Message ID <e99fa717419b71a2493f.1561055338@augie-macbookpro2.roam.corp.google.com>
Download mbox | patch
Permalink /patch/40626/
State New
Headers show

Comments

Augie Fackler - June 20, 2019, 6:28 p.m.
# HG changeset patch
# User Augie Fackler <augie@google.com>
# Date 1561049708 14400
#      Thu Jun 20 12:55:08 2019 -0400
# Branch stable
# Node ID e99fa717419b71a2493fd7211cab5a0de9c86c7c
# Parent  b6387a65851d4421d5580b1a4db4c55366a94ec8
cleanup: always `seek(0, io.SEEK_END)` after open in append mode before tell()

Consider the program:

    #include <stdio.h>

    int main() {
      FILE *f = fopen("narf", "w");
      fprintf(f, "narf\n");
      fclose(f);

      f = fopen("narf", "a");
      printf("%ld\n", ftell(f));
      fprintf(f, "troz\n");
      printf("%ld\n", ftell(f));

      return 0;
    }

on macOS, FreeBSD, and Linux with glibc, this program prints

    5
    10

but on musl libc (Alpine Linux and probably others) this prints

    0
    10

By my reading of
https://pubs.opengroup.org/onlinepubs/009695399/functions/fopen.html
this is technically correct, specifically:

> Opening a file with append mode (a as the first character in the
> mode argument) shall cause all subsequent writes to the file to be
> forced to the then current end-of-file, regardless of intervening
> calls to fseek().

in other words, the file position doesn't really matter in append-mode
files, and we can't depend on it being at all meaningful unless we
perform a seek() before tell() after open(..., 'a'). Experimentally
after a .write() we can do a .tell() and it'll always be reasonable,
but I'm unclear from reading the specification if that's a smart thing
to rely on.

I audited the callsites matching the regular expression
`(open|vfs)\([^,]+, ['"]a` manually. It's possible I missed something
if I overlooked some other idiom for opening files.

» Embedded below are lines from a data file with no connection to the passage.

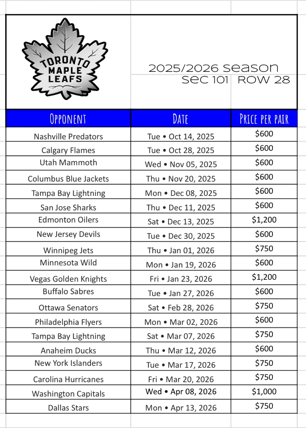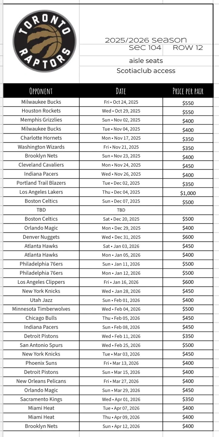 Selling my tickets for the upcoming 2025/2026 season! I have season tickets for both the Toronto Maple Leafs and the Toronto Raptors. See images for seat info, dates, and prices per pair. Toronto Raptors: 2025/2026 Season, Section 104, Row 12, aisle seats, ScotiaClub access Toronto Maple Leafs: 2025/2026 Season, Section 101, Row 28, ScotiaClub Access Can meet anywhere in Clarington.
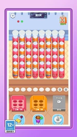 大爷来闯关是一款趣味十足的分类解压休闲游戏。在游戏里,玩家得依据订单要求,从大量饮料罐中精准识别出包装相同的产品,并进行归类。玩家可通过拖拽或者点击的方式达成任务目标,尽情体验整理带来的满足感。该游戏画面简洁宜人,操作简便直观,非常适合在闲暇时光用来放松身心,同时还能提升专注力与反应速度。
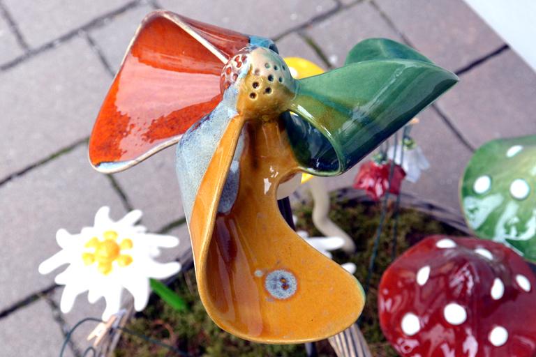 Mo, Di, Do, Fr. 10 bis 17 Uhr, Mi 14.3Keramikwindrad auf Stiel aus EU-Fertigung. Jedes Stück einzigartig. Keines gleicht einem anderen - Handarbeit eben.

This is a simple fix for the stable branch. We'll do a more
comprehensive fix on default.
Yuya Nishihara - June 22, 2019, 2:22 a.m.
On Thu, 20 Jun 2019 14:28:58 -0400, Augie Fackler wrote:
> # HG changeset patch
> # User Augie Fackler <augie@google.com>
> # Date 1561049708 14400
> #      Thu Jun 20 12:55:08 2019 -0400
> # Branch stable
> # Node ID e99fa717419b71a2493fd7211cab5a0de9c86c7c
> # Parent  b6387a65851d4421d5580b1a4db4c55366a94ec8
> cleanup: always `seek(0, io.SEEK_END)` after open in append mode before tell()
> 
> Consider the program:
> 
>     #include <stdio.h>
> 
>     int main() {
>       FILE *f = fopen("narf", "w");
>       fprintf(f, "narf\n");
>       fclose(f);
> 
>       f = fopen("narf", "a");
>       printf("%ld\n", ftell(f));
>       fprintf(f, "troz\n");
>       printf("%ld\n", ftell(f));
> 
>       return 0;
>     }
> 
> on macOS, FreeBSD, and Linux with glibc, this program prints
> 
>     5
>     10
> 
> but on musl libc (Alpine Linux and probably others) this prints
> 
>     0
>     10
> 
> By my reading of
> https://pubs.opengroup.org/onlinepubs/009695399/functions/fopen.html
> this is technically correct, specifically:
> 
> > Opening a file with append mode (a as the first character in the
> > mode argument) shall cause all subsequent writes to the file to be
> > forced to the then current end-of-file, regardless of intervening
> > calls to fseek().
> 
> in other words, the file position doesn't really matter in append-mode
> files, and we can't depend on it being at all meaningful unless we
> perform a seek() before tell() after open(..., 'a'). Experimentally
> after a .write() we can do a .tell() and it'll always be reasonable,
> but I'm unclear from reading the specification if that's a smart thing
> to rely on.
> 
> I audited the callsites matching the regular expression
> `(open|vfs)\([^,]+, ['"]a` manually. It's possible I missed something
> if I overlooked some other idiom for opening files.
> 
> This is a simple fix for the stable branch. We'll do a more
> comprehensive fix on default.
> 
> diff --git a/mercurial/branchmap.py b/mercurial/branchmap.py
> --- a/mercurial/branchmap.py
> +++ b/mercurial/branchmap.py
> @@ -7,6 +7,7 @@
>  
>  from __future__ import absolute_import
>  
> +import io
>  import struct
>  
>  from .node import (
> @@ -613,6 +614,7 @@ class revbranchcache(object):
>                  wlock = repo.wlock(wait=False)
>                  if self._rbcnamescount != 0:
>                      f = repo.cachevfs.open(_rbcnames, 'ab')
> +                    f.seek(0, io.SEEK_END)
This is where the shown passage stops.